WHAT IS EXPECTED —
Copying starts at the line containing "SSL/TLS 的一般工作原理,加密、编码和哈希的概念和算法的回顾;然后我们描述了用于识别弱 SSL/TLS" and stops after the last line of the records; each line is repeated exactly, and pictures are skipped.

EXERCISE MATERIAL —
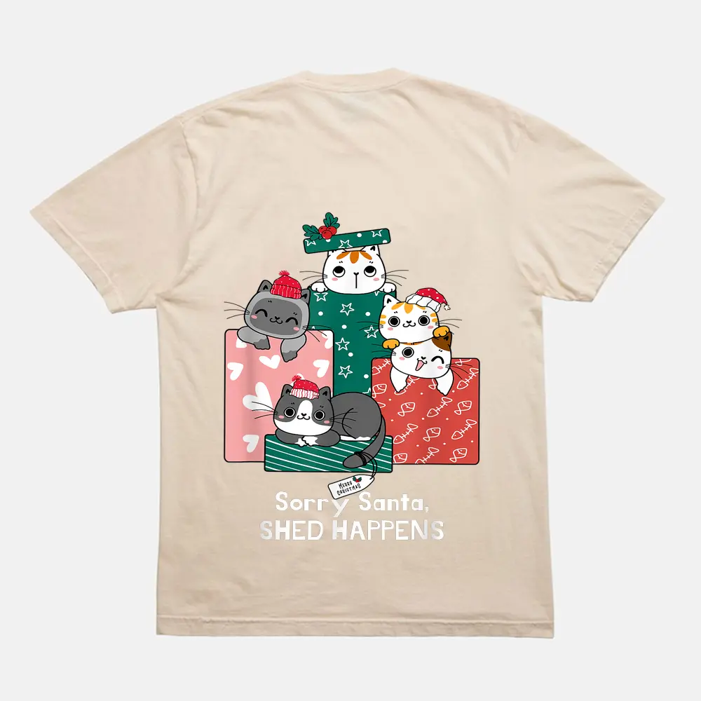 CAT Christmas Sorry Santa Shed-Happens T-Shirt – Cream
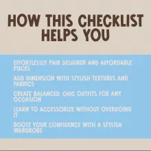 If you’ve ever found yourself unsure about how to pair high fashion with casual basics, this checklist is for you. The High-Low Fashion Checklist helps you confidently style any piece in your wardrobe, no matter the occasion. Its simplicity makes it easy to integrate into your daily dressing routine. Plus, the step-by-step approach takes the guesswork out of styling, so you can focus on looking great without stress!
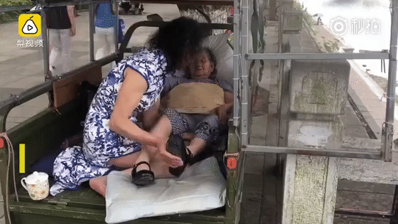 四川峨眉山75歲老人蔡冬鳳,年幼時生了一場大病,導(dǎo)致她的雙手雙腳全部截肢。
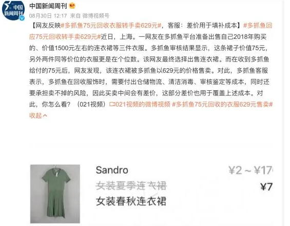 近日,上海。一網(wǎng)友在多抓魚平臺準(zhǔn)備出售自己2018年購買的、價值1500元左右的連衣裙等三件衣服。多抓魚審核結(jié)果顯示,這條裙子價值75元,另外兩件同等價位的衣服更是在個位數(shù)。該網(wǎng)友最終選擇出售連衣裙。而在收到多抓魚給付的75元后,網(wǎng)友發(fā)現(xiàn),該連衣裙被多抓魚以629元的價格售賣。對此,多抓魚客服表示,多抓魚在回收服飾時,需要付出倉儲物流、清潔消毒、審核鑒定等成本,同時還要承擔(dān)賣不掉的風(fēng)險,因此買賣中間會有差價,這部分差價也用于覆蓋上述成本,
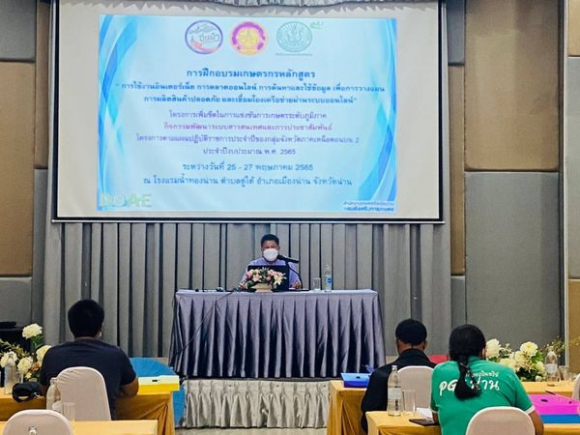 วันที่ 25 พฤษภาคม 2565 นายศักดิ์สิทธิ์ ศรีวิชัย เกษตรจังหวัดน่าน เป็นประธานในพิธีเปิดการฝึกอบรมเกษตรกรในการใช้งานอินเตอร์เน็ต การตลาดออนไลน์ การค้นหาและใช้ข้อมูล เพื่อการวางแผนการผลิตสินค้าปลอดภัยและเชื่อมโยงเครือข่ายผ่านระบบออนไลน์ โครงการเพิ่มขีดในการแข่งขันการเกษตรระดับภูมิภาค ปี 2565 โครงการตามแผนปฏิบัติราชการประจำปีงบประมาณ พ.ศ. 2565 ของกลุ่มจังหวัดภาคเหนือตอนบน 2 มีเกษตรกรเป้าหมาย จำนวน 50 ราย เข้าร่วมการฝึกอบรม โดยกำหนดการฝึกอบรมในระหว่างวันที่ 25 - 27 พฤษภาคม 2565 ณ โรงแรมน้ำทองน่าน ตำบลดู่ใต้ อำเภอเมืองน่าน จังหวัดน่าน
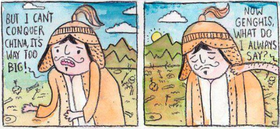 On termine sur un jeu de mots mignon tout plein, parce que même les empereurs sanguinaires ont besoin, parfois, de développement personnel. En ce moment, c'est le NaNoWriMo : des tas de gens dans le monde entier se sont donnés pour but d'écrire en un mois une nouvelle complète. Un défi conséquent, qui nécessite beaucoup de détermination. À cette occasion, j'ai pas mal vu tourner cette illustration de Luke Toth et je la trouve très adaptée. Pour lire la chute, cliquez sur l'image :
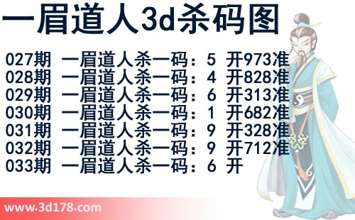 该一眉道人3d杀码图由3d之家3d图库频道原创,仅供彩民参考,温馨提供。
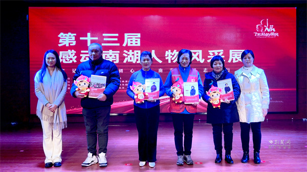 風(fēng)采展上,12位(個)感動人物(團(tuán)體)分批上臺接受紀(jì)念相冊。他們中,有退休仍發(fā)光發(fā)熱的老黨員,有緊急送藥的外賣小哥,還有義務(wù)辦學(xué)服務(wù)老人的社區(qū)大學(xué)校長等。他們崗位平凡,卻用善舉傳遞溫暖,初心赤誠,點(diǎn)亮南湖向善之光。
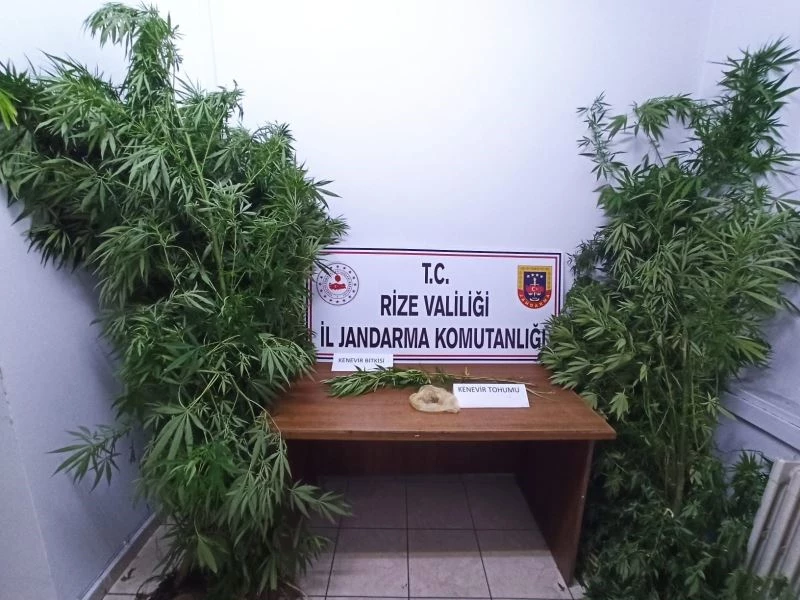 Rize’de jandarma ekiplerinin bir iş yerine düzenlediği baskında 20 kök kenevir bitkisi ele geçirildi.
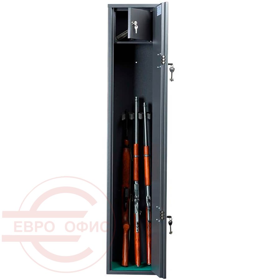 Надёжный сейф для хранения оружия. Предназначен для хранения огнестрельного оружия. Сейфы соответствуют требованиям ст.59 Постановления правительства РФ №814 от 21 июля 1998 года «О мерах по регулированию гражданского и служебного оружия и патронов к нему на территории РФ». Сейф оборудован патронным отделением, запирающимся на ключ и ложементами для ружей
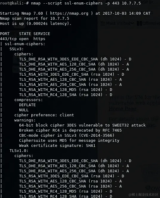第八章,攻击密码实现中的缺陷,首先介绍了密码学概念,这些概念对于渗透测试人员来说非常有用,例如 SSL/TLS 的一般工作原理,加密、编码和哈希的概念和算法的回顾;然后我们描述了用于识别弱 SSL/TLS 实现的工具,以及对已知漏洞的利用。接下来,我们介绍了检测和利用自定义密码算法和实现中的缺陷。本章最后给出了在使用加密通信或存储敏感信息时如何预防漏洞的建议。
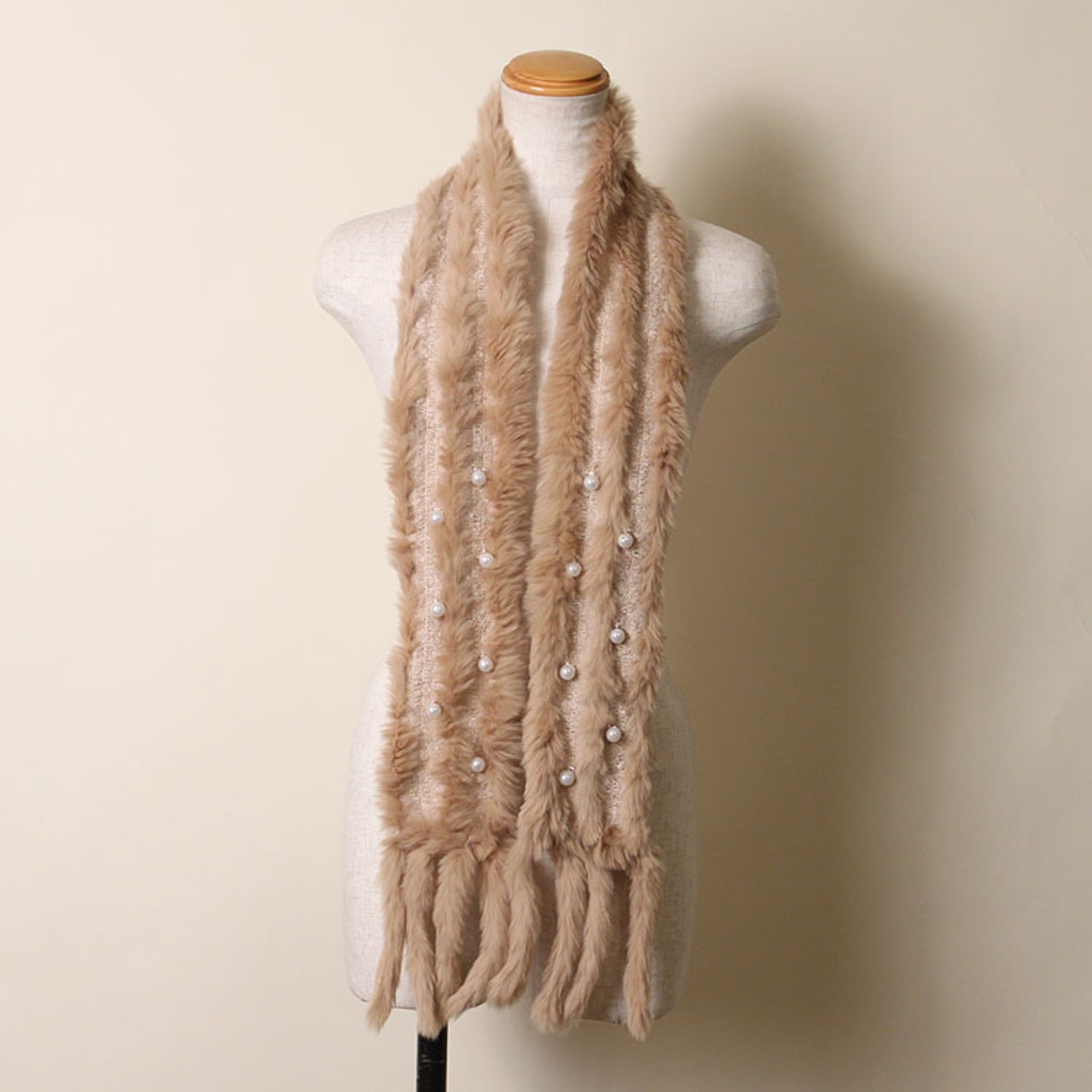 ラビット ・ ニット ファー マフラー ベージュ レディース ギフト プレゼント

SOLUTION TO THIS PROBLEM —
第八章,攻击密码实现中的缺陷,首先介绍了密码学概念,这些概念对于渗透测试人员来说非常有用,例如 SSL/TLS 的一般工作原理,加密、编码和哈希的概念和算法的回顾;然后我们描述了用于识别弱 SSL/TLS 实现的工具,以及对已知漏洞的利用。接下来,我们介绍了检测和利用自定义密码算法和实现中的缺陷。本章最后给出了在使用加密通信或存储敏感信息时如何预防漏洞的建议。
 ラビット ・ ニット ファー マフラー ベージュ レディース ギフト プレゼント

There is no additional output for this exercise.